What you should do: Could you write out, exactly as they stand, only the lines in the listing below from the line with "マドンナはパリでのパリ祭コン" to the line with "formated version of", both ends included, without the pictures?

Data for analysis:
>>>

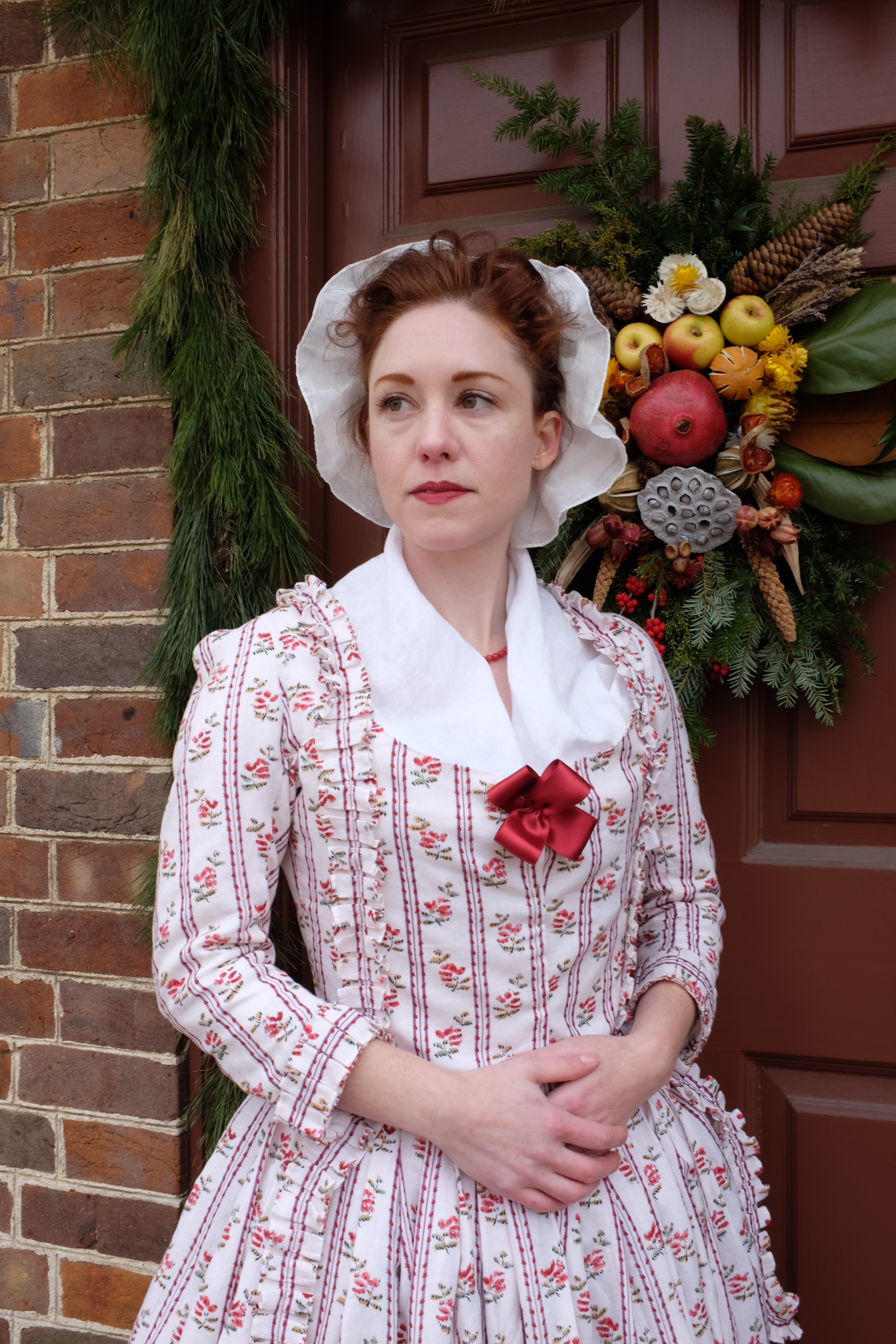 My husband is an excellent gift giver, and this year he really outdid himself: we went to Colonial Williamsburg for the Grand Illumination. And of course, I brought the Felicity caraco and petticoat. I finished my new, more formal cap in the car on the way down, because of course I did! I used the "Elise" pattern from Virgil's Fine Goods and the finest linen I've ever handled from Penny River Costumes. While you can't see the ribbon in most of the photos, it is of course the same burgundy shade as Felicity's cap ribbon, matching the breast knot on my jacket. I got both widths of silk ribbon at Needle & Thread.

<<<
>>>

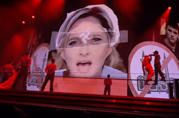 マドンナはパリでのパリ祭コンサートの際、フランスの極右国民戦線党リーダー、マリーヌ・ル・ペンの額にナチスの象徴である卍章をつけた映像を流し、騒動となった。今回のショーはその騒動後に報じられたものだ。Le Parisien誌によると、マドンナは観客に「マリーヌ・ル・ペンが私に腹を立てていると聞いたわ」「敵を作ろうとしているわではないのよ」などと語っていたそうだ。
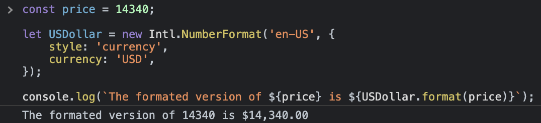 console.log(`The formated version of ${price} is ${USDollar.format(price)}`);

<<<
>>>

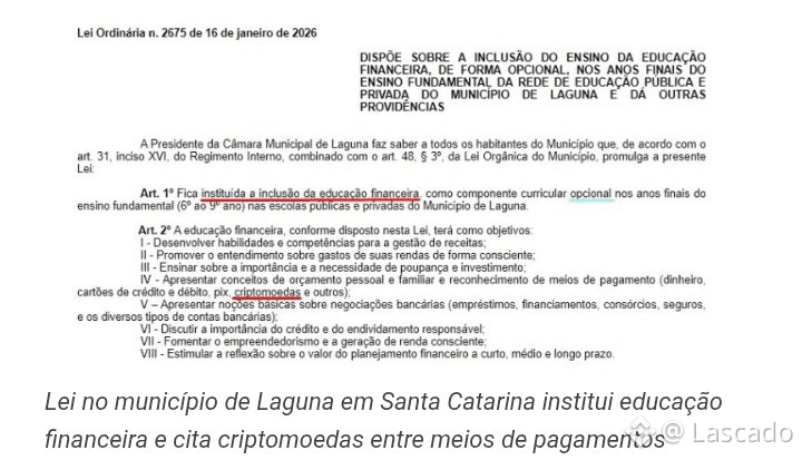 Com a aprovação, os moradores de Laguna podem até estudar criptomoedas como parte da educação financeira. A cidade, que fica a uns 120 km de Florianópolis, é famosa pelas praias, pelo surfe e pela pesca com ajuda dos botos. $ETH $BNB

<<<

Solution to this problem:
 マドンナはパリでのパリ祭コンサートの際、フランスの極右国民戦線党リーダー、マリーヌ・ル・ペンの額にナチスの象徴である卍章をつけた映像を流し、騒動となった。今回のショーはその騒動後に報じられたものだ。Le Parisien誌によると、マドンナは観客に「マリーヌ・ル・ペンが私に腹を立てていると聞いたわ」「敵を作ろうとしているわではないのよ」などと語っていたそうだ。
 console.log(`The formated version of ${price} is ${USDollar.format(price)}`);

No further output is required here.